Too many responsibilities. Not enough time. Working two or more jobs. Information overload. Long hours and longer commutes. All across the country, books, magazine articles, medical journals, and ordinary families are talking about the stresses of 21st-century life. Americans seem to "have it all," but not enough time to enjoy it.
But for the select few who can afford it, there's someone who can help. It's a new kind of specialist called a "lifestyle manager."
This is not some fancy counselor or efficiency expert who sits you down and shows you how to save time, cut corners, and simplify your life. The lifestyle manager will agree completely that you have too much to do in too little time.
So he or she will do some of the things for you!
Both the New York Times and the Washington Post newspapers have recently profiled such people.
One New York City couple wanted to move to a certain kind of apartment in a trendy neighborhood, with just the right kind of shops and theaters nearby. They hadn't the time to look, and they didn't trust that a real estate agent would have their interests at heart. So they hired a lifestyle manager who found just the perfect place.

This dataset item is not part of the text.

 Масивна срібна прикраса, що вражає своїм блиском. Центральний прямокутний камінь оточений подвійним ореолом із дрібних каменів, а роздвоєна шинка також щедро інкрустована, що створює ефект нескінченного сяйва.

And in the upscale Washington suburb of McLean, Virginia, a lifestyle manager plans another couple's vacations, takes their cars in for servicing, even got the death certificate and planned a funeral reception for a relative who had died.

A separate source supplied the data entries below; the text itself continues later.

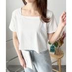 tシャツ デニムにもスカートにも合う着回しに便利な一枚♪ スクエアネック半袖カットソー レディース
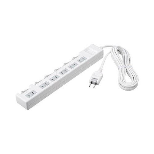個別スイッチ付きで電気の消費を抑える2ピン6個口の電源タップ。全ての差込口にホコリ防止シャッターが付いており、火災の原因となるホコリの侵入を防ぎます。
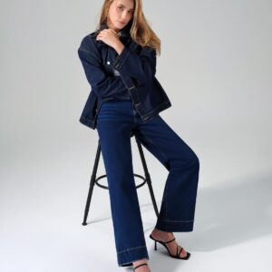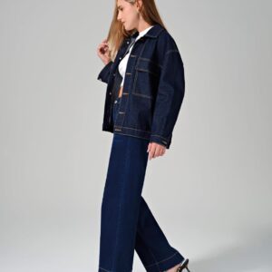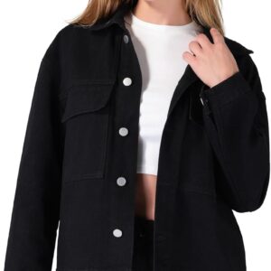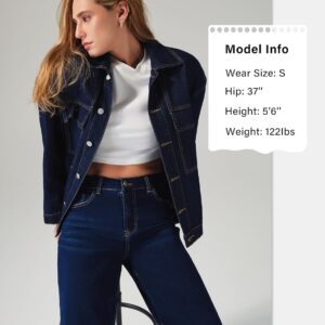 roswear Denim Jacket Coat for Women with Flap Chest Pockets Casual Oversized Jean Jackets
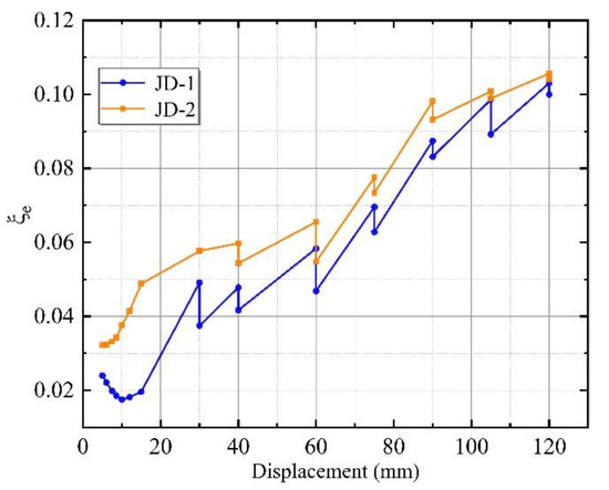 As shown in Figure 12, the equivalent viscous damp ratio (ξe) of JD-1 and JD-2 was between 0.0175–0.1031 and 0.0322–0.1056, respectively. The trend of curves at the start of loading was linear growth. The damage phenomenon of the ALC external wall panels of specimen JD-1 was more advanced in the instance of larger deformation of the steel frames, so the equivalent viscous damping ratio decreased in the early 0–10 mm of loading. The changing trend of both specimens gradually increased during the loading process; however, ξe of JD-2 was larger than that of JD-1 at each level load. Specimen JD-2 dissipated energy mainly through the relative slip between the connectors and the wall panels, while specimen JD-1 only allowed the rotation at the connectors.
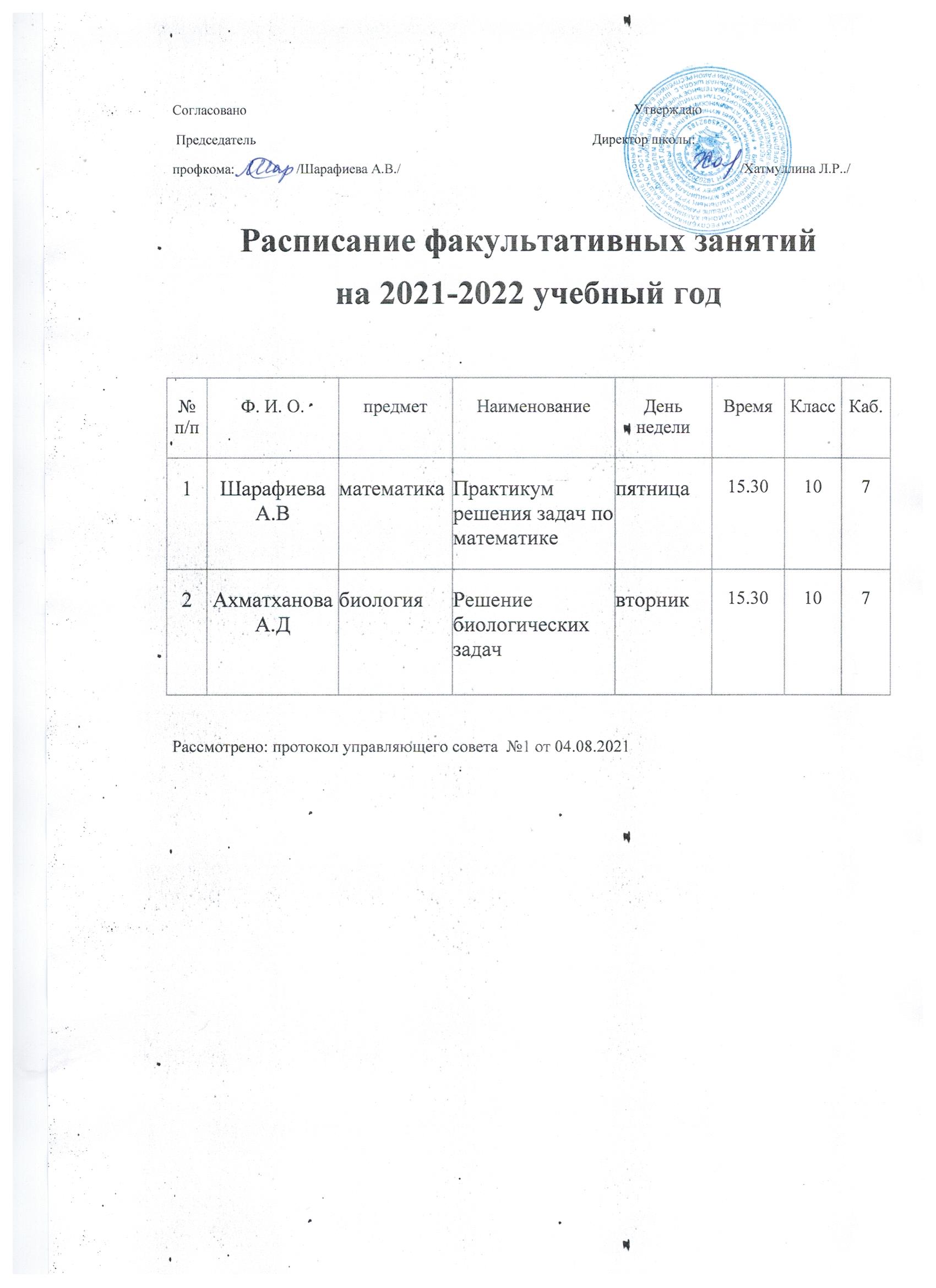 Расписание факультативных занятий
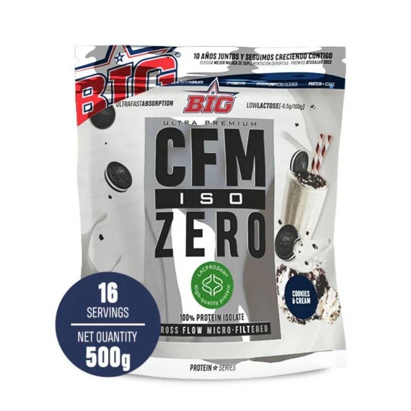 CFM ISO ZERO de BIG® elaborada exclusivamente con aislado de proteína de suero al 90%.
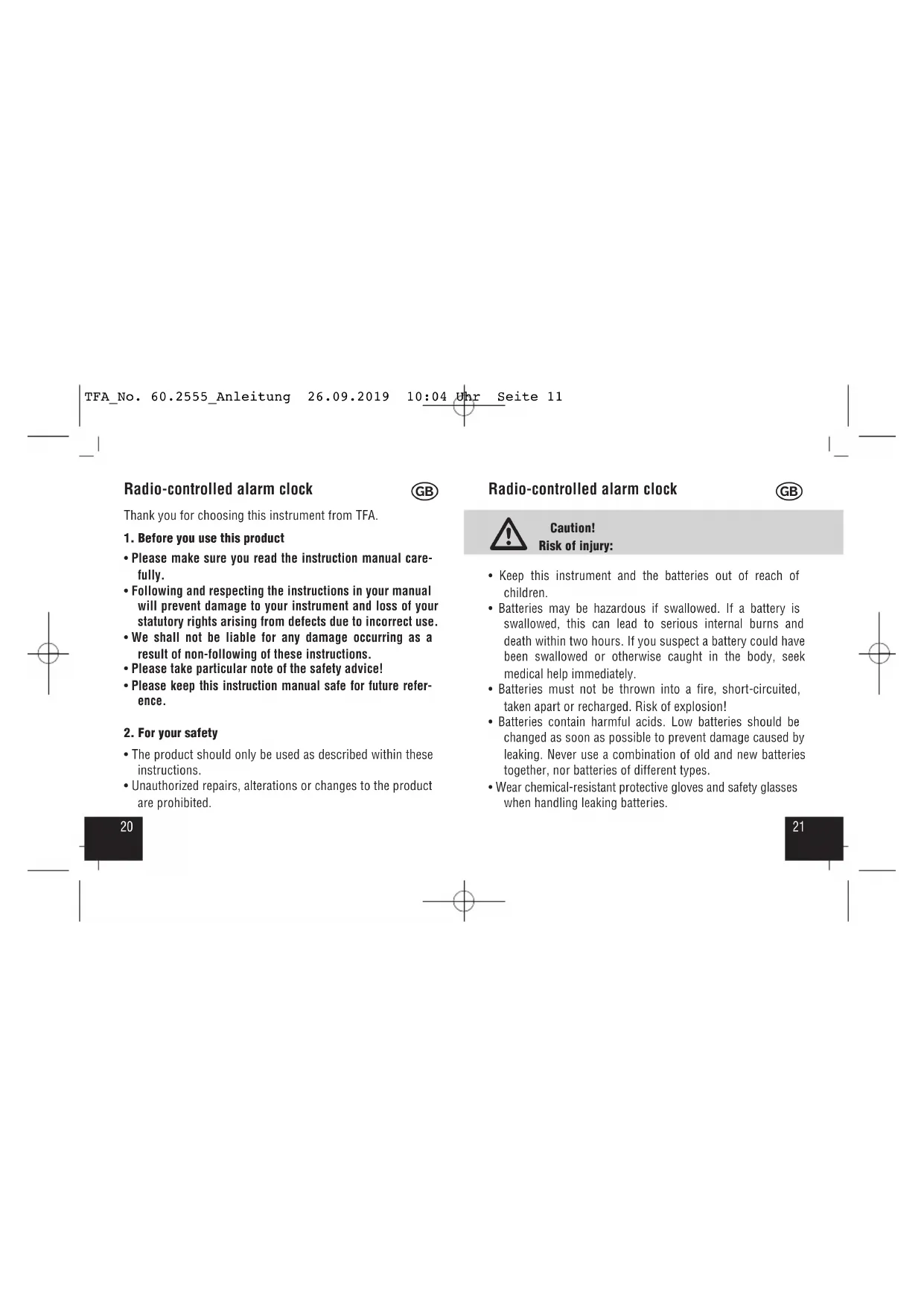 - Within concrete walls (reinforced with steel) such as base- ments, the received signal is naturally weakened. In extreme cases, please place the unit close to a window to improve reception. TFA_No. 60.2555_Anleitung 26.09.2019 10:04 Uhr Seite 132726 Radio-controlled alarm clock

Lifestyle managers will wait at your home for appliance repair workers if you can't get away from the office. They'll check out restaurants and get you theatre tickets. They'll design your Christmas cards, take the dog to the veterinarian, and arrange every detail of your dinner parties.
As you might guess, lifestyle managers, or "personal concierges," as they're sometimes called, aren't cheap. They charge up to $100 per hour, which is as much as some psychiatrists command. But after all, what better way is there to promote mental health than by taking away some of life's daily stresses?